In a certain population, 15% of the people have Rh-negative blood. A blood bank serving this population receives 100 blood donors on a particular day.
So my teacher posted a solution to a problem below which solves the probability of getting 10 or less donors that are Rh-negative. I was wondering if I wanted to instead find the probability of 10 or MORE donors that are Rh-negative, how would I do so?
This was my attempt from following the teacher's logic
p(x≥10) = p(x>9.5) = 1 - p(Z>((9.5-17.1)/3.745)) = 1 - (Z>-2.03) = 1 - 0.2118 = 0.7882
Can someone confirm if I did this right, and if not, teach me how? I'm still a little lost.

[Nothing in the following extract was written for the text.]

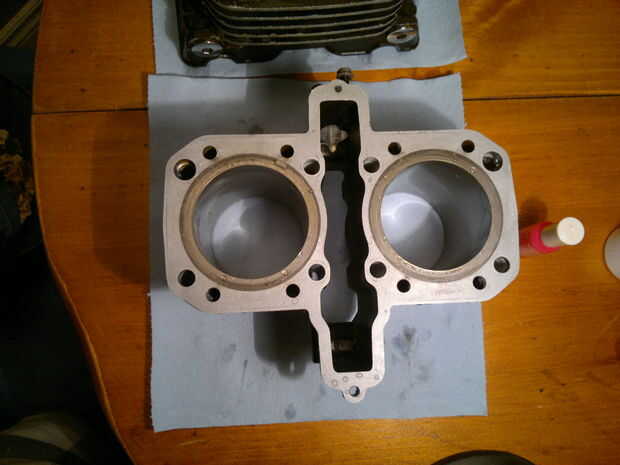 Traslapar implica el uso de un compuesto de pulido (pasta abrasiva) para traer las holguras entre piezas a espec. Para el cilindro y la cabeza utilicé un pedazo grande de granito de desecho ($5 desde un instalador superior contador) con un trozo de cristal en la parte superior (lo más que pude encontrar dentro de presupuesto). Apliqué el compuesto a la placa de vidrio y utiliza como mi superficie pulido. Supone mantener presión uniforme en la parte que estás trabajando y moverse en un patrón de figura 8.

$\underline{\textrm{Edit}}$:
Your flaw was that you´ve omitted a $0$: $P(Z>-2.03)=1-P(Z\color{blue}<-2.03)=1- 0.\color{red}02118=0.97882\approx 0.979$
Also note the blue inquality sign.
If you want to calculate a probability of a discrete random variable $X$ that is $x$ or more we have the following relation: $P(X\geq x)=1-P(X\leq x-1)$. Here we can apply the central limit theorem with $\mu=100\cdot 0.15=15$ and $\sigma=\sqrt{100\cdot 0.15\cdot 0.85}=3.57071$
In general if X is discrete we have $P(X\geq x)=1-P(X\leq x-1)\approx 1-\Phi\left( \frac{x-1+0.5-\mu}{\sigma}\right)$, where $0.5$ is the continuity correction factor. Inserting the values we obtain
$$P(X\geq 10)\approx 1-\Phi\left( \frac{10-1+0.5-15}{3.57071}\right)=1-\Phi\left( -1.54\right)=1-(1-\Phi\left( 1.54\right))=\Phi\left( 1.54\right)=0.93822\approx 93.8\%$$.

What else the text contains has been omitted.